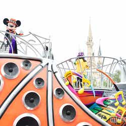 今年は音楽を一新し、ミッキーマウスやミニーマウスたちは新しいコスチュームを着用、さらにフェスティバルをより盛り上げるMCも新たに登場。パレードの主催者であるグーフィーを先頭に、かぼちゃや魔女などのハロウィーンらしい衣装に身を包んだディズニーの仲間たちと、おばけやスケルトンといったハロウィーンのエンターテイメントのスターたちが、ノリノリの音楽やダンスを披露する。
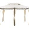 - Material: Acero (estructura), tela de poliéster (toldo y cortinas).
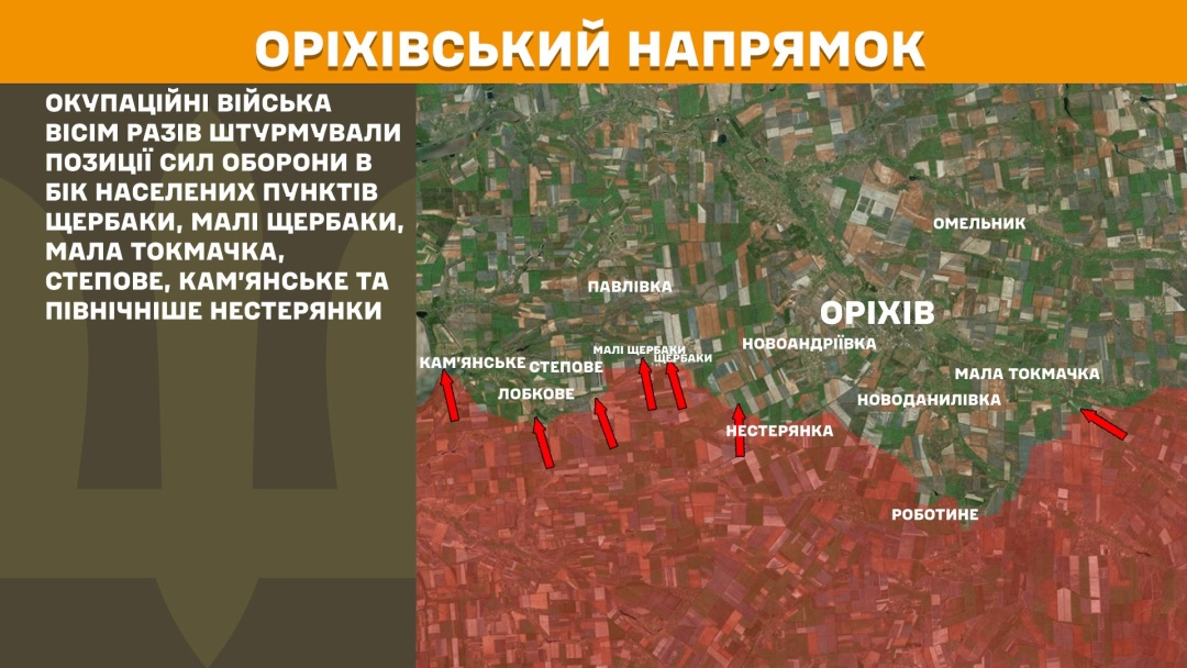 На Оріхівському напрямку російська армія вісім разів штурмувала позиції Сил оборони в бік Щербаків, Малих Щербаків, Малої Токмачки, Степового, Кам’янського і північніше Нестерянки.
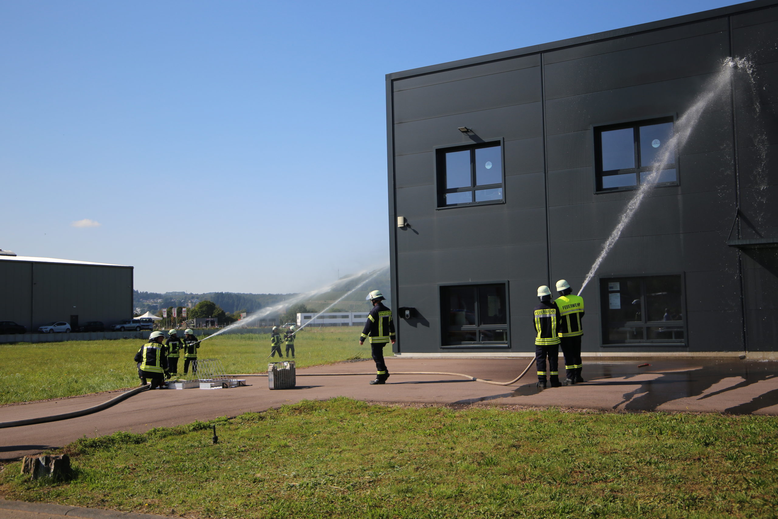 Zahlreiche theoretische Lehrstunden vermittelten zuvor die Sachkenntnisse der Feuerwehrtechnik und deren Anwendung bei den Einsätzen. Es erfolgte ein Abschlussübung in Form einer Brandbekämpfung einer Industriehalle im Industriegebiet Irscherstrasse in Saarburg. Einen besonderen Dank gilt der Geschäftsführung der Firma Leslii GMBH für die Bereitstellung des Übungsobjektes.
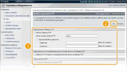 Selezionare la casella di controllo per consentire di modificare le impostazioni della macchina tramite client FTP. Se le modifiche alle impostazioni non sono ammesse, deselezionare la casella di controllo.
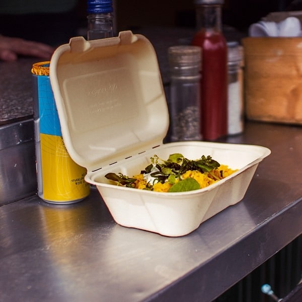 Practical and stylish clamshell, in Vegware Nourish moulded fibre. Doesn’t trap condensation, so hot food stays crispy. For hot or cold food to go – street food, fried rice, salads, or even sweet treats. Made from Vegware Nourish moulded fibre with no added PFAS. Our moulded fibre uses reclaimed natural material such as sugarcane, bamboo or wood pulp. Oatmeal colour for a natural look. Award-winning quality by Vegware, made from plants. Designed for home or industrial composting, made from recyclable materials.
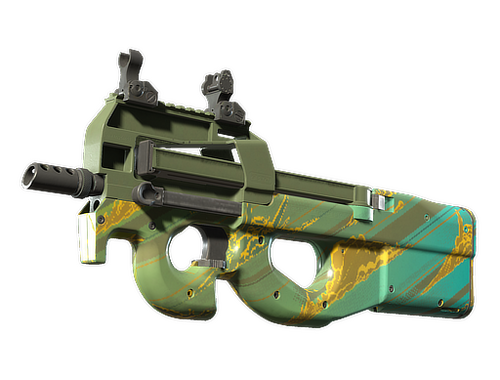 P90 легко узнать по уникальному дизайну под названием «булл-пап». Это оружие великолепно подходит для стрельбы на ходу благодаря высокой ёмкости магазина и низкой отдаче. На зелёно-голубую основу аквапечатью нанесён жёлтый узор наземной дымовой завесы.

○ ○ ○ ○ ○

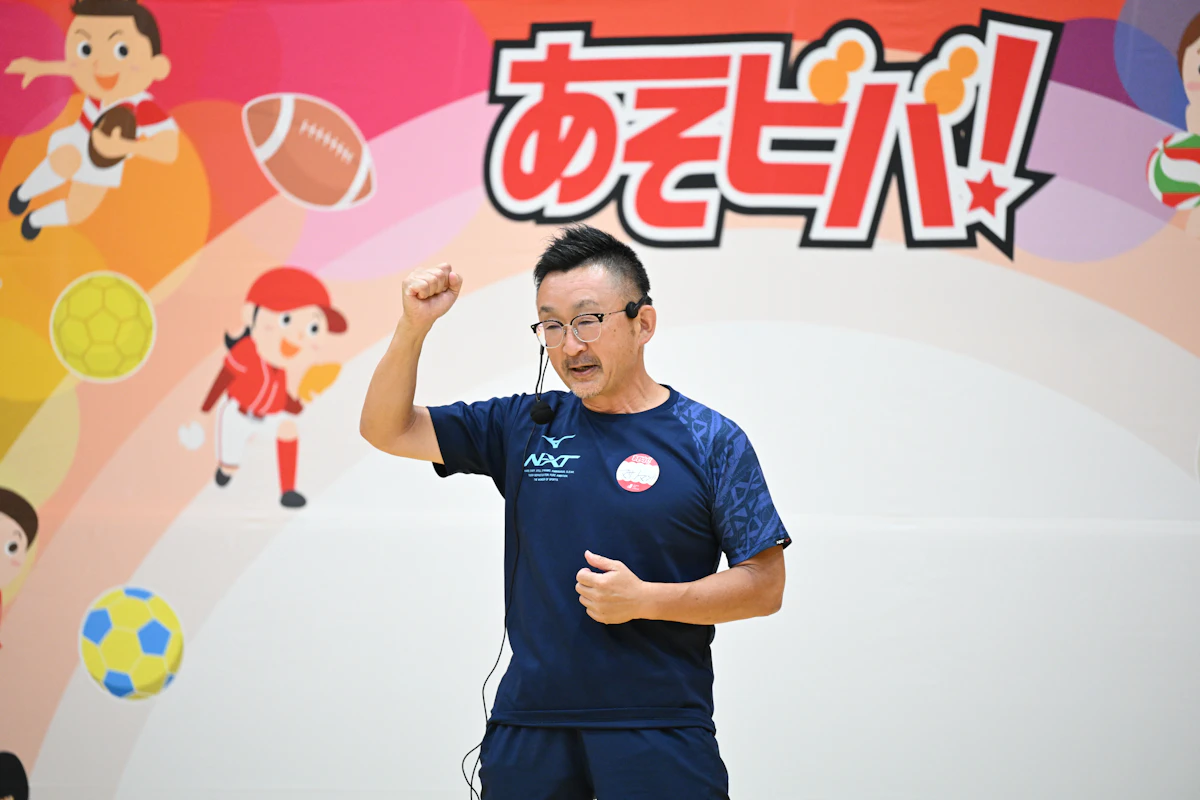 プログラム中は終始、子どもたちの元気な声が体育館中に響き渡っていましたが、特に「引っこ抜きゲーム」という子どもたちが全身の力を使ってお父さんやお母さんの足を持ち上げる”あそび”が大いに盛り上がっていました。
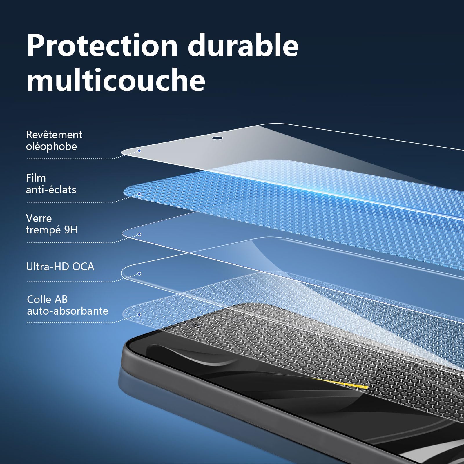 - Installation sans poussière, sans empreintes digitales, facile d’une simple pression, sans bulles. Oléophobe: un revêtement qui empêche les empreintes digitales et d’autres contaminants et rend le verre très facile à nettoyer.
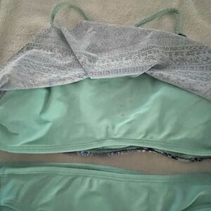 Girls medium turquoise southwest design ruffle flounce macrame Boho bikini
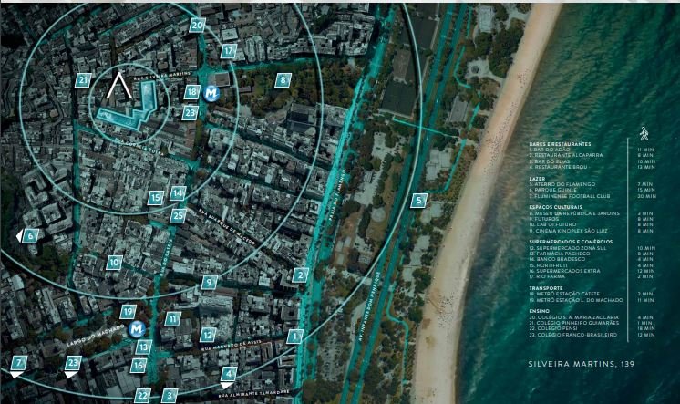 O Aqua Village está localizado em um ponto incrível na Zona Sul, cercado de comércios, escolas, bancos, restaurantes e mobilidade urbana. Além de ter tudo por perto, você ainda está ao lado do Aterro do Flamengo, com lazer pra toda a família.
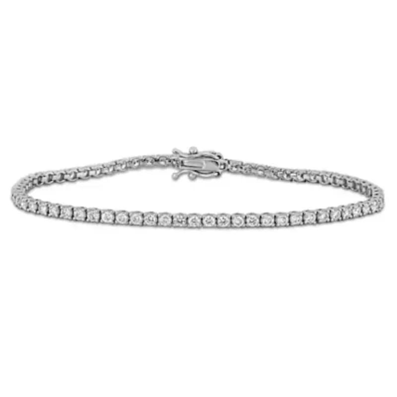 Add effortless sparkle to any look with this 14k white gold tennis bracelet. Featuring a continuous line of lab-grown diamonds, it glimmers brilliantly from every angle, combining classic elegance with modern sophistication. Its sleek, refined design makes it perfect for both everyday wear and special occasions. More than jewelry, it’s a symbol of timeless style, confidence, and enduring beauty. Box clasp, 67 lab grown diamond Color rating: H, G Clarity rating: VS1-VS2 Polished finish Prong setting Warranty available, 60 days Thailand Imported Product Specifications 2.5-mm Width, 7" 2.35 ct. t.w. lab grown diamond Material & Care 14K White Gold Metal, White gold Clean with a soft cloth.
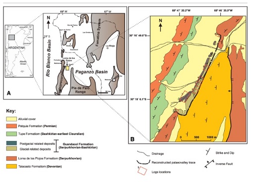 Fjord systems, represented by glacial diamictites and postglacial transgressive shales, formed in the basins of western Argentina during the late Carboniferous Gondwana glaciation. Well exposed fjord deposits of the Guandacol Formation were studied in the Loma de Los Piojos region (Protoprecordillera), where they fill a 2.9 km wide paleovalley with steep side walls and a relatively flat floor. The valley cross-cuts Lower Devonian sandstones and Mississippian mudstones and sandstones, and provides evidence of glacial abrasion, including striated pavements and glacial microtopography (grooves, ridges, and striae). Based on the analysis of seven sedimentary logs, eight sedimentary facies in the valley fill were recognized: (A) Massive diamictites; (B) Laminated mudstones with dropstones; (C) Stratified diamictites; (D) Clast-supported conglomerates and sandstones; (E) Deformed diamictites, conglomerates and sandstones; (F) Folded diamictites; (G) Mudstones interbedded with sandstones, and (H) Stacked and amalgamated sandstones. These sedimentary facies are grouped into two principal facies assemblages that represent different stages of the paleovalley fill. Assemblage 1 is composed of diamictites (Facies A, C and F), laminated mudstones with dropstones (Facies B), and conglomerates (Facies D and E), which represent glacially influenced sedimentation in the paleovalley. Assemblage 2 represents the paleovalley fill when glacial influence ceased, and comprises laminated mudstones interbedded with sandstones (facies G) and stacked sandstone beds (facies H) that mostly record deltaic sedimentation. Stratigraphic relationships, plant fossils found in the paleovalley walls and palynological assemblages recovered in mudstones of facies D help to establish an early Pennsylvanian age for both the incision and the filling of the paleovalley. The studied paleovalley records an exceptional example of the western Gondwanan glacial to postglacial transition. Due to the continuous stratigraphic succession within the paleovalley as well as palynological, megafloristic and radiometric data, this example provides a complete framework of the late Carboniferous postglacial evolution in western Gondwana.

○ ○ ○ ○ ○

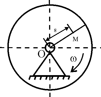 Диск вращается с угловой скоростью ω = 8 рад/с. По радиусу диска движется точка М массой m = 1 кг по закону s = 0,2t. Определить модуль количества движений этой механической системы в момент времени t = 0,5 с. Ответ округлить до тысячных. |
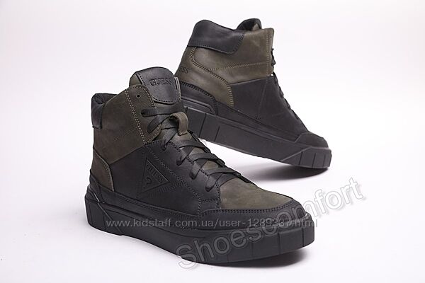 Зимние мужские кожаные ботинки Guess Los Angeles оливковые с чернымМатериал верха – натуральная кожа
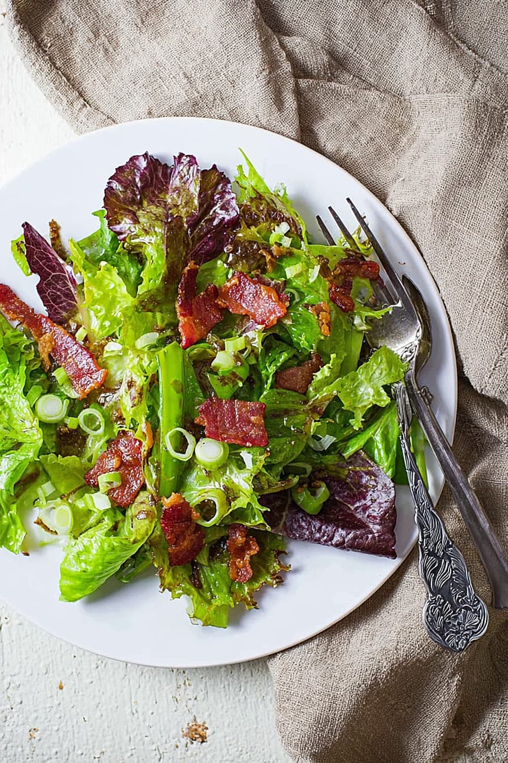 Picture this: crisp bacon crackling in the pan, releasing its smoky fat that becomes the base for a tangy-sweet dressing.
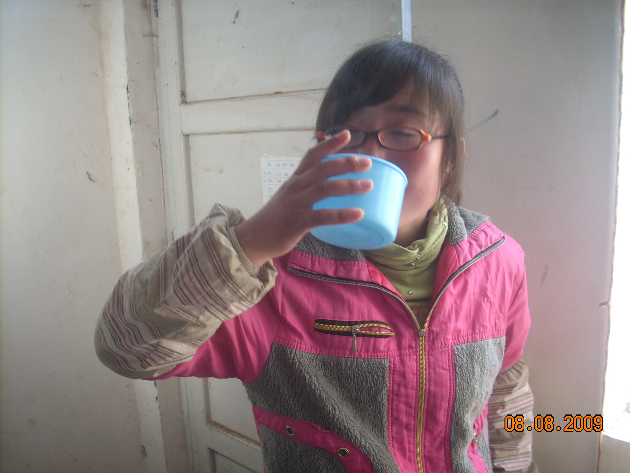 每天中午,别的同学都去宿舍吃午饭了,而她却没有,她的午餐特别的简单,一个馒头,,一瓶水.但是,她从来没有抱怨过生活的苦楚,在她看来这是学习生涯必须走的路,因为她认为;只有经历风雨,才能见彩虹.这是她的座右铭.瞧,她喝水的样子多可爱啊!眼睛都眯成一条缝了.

○ ○ ○ ○ ○

Start with the line above containing "Зимние мужские кожаные" and end with the line containing "每天中午,别的同学都去宿舍吃". Set down that stretch exactly, without any pictures.

 Зимние мужские кожаные ботинки Guess Los Angeles оливковые с чернымМатериал верха – натуральная кожа
 Picture this: crisp bacon crackling in the pan, releasing its smoky fat that becomes the base for a tangy-sweet dressing.
 每天中午,别的同学都去宿舍吃午饭了,而她却没有,她的午餐特别的简单,一个馒头,,一瓶水.但是,她从来没有抱怨过生活的苦楚,在她看来这是学习生涯必须走的路,因为她认为;只有经历风雨,才能见彩虹.这是她的座右铭.瞧,她喝水的样子多可爱啊!眼睛都眯成一条缝了.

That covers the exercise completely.